Jenna Shoemaker (born April 20, 1984) is an actor, writer, former professional US triathlete and former member of the USA National Team. In 2009, she legally changed her name to Jenna Parker.

In 2010 Parker was number 49 in the World Championship Series ranking and number 5 in the USAT ranking. In 2012, she competed at the USA Triathlon Olympic Trials in San Diego, California. Her highest rankings came in 2009 when she was ranked number 1 in the US and number 17 in the World.

In 2010, she was featured in the October Issue, XX Factor, of Outside Magazine and on NBC's Last Call with Carson Daly.

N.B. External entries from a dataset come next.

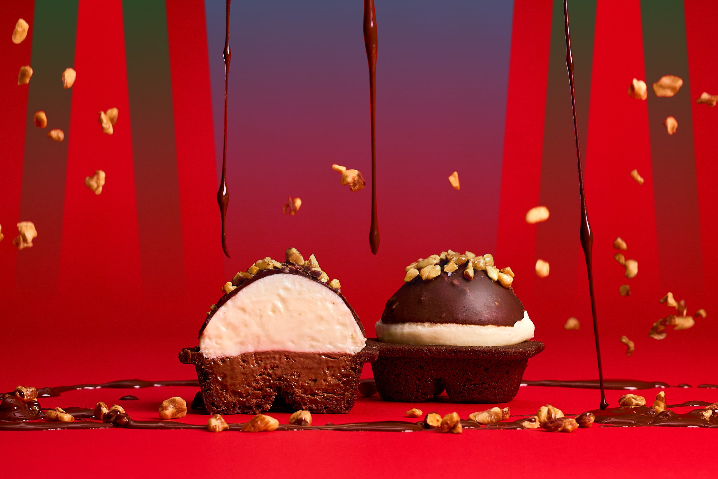濃厚なのにエアリーで軽い舌触りの生ガトーショコラに、ふわとろのチーズムースがまろやかに調和した「チーズワンダージャイアントブラック」。飴がけしたナッツと、パリッと割れてすぐ溶けるチョコレートコーティングがより多層的な食感をもたらし、リッチな味わいと余韻が残る即完売必至のバレンタイン限定の新商品・ショコラナッツ生チーズケーキです。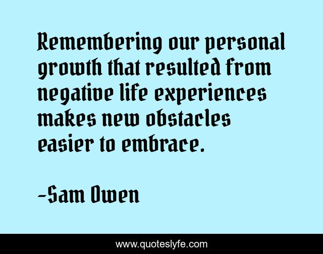 This page presents the quote "Remembering our personal growth that resulted from negative life experiences makes new obstacles easier to embrace.". Author of this quote is Sam Owen. This quote is about relationships, confidence, psychology, personal-growth, obstacles, life-experiences, negative-experiences, self-esteem,.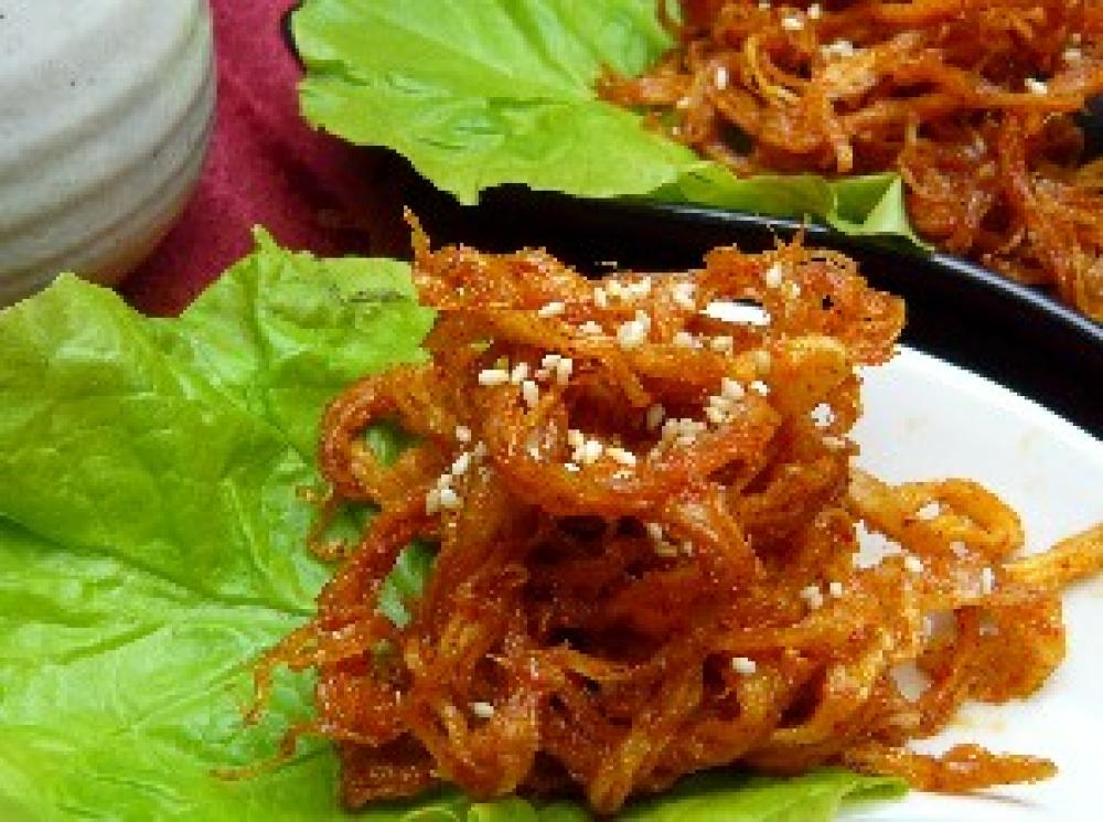 (1)にさきいかをいれ、よく混ぜ合わせる。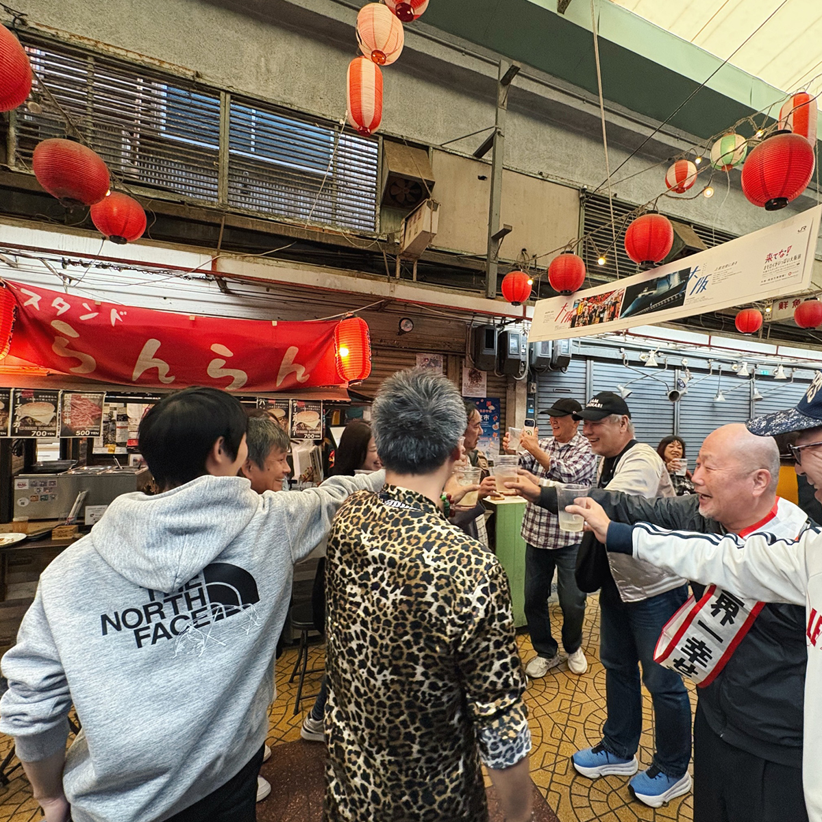 シャッター街を復興する「新世界市場屋台街プロジェクト」の初代店舗として2022年にこの屋台をスタートしたんですが、最初は本当に人が来なくて、売り上げがない日もありました。でも、1時間に1回の乾杯を始めたことで、たまたま居合わせた人たちが仲良くなって、常連さんになって。あと、乾杯をしていると足を止めて動画を撮る人も多いので、SNSを見て来る人も多いですね。こんな小さな屋台なのに、今や50人以上ひしめき合うこともあります。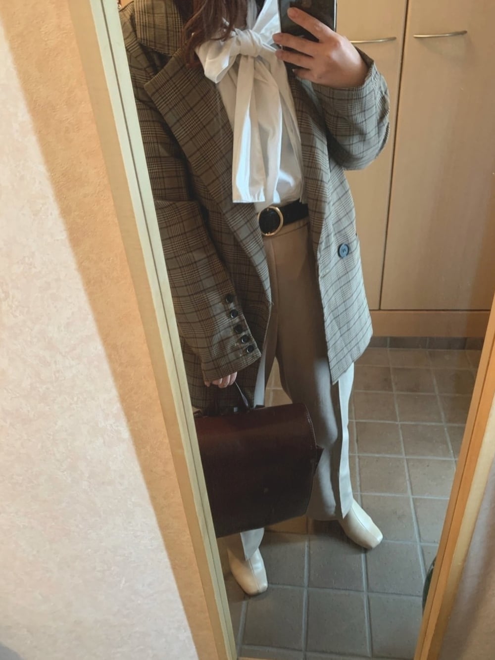 roofのセットアップ「レディース グレンチェック柄ミディジャケット+パンツ セットアップ上下2点セット」を使ったコーディネート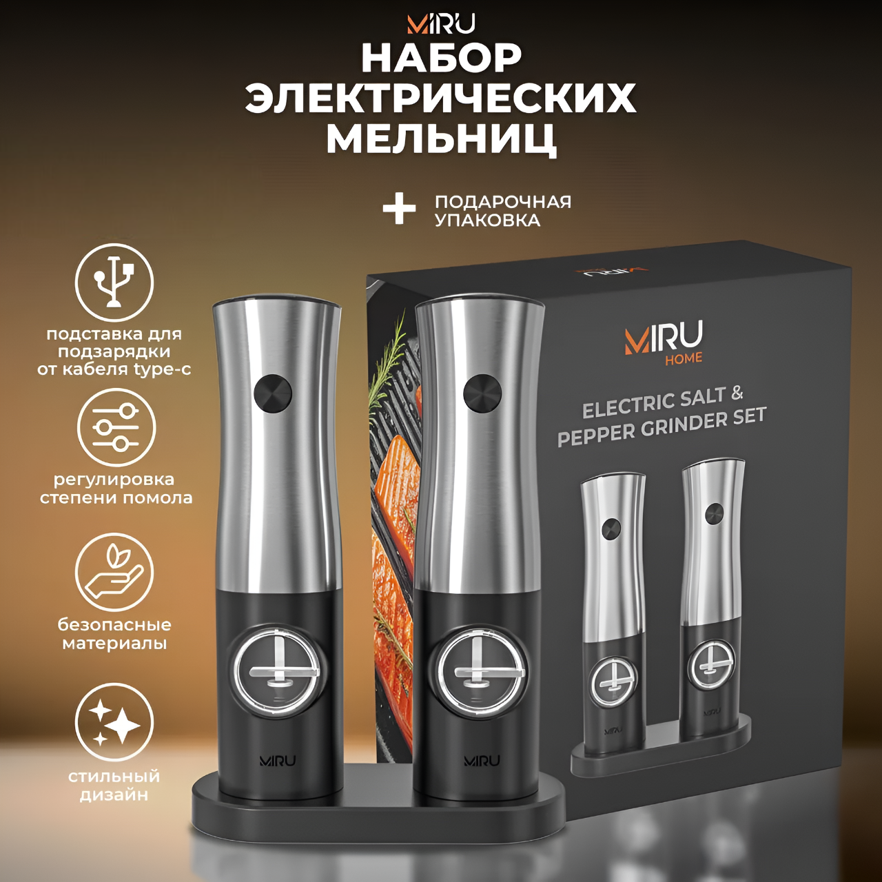 Мельницы изготовлены из пищевых материалов, что гарантирует отсутствие влияния на вкус специй. Мощность устройства составляет 25 Вт, а напряжение питания – 3.7 В. Быстрая зарядка на подставке с помощью Type-C кабеля обеспечивает удобство и экономию времени. Удобная подставка для хранения и подзарядки позволяет держать мельницы в порядке и всегда под рукой.

Parker holds a psychology degree from Harvard University. Her brother Jarrod Shoemaker is a former professional triathlete, 2009 Duathlon World Champion and 2008 US Olympian.

In 2013, Parker retired from professional racing after winning the New York City Triathlon and finishing third at the Beijing International Triathlon.

She was coached by Brett Sutton from January to June of the 2013 season, and by Darren Smith from September 2008 until April 2010. She also had a short residency from late 2010 to early 2011 working with Terrence Mahon and the Mammoth Track Club.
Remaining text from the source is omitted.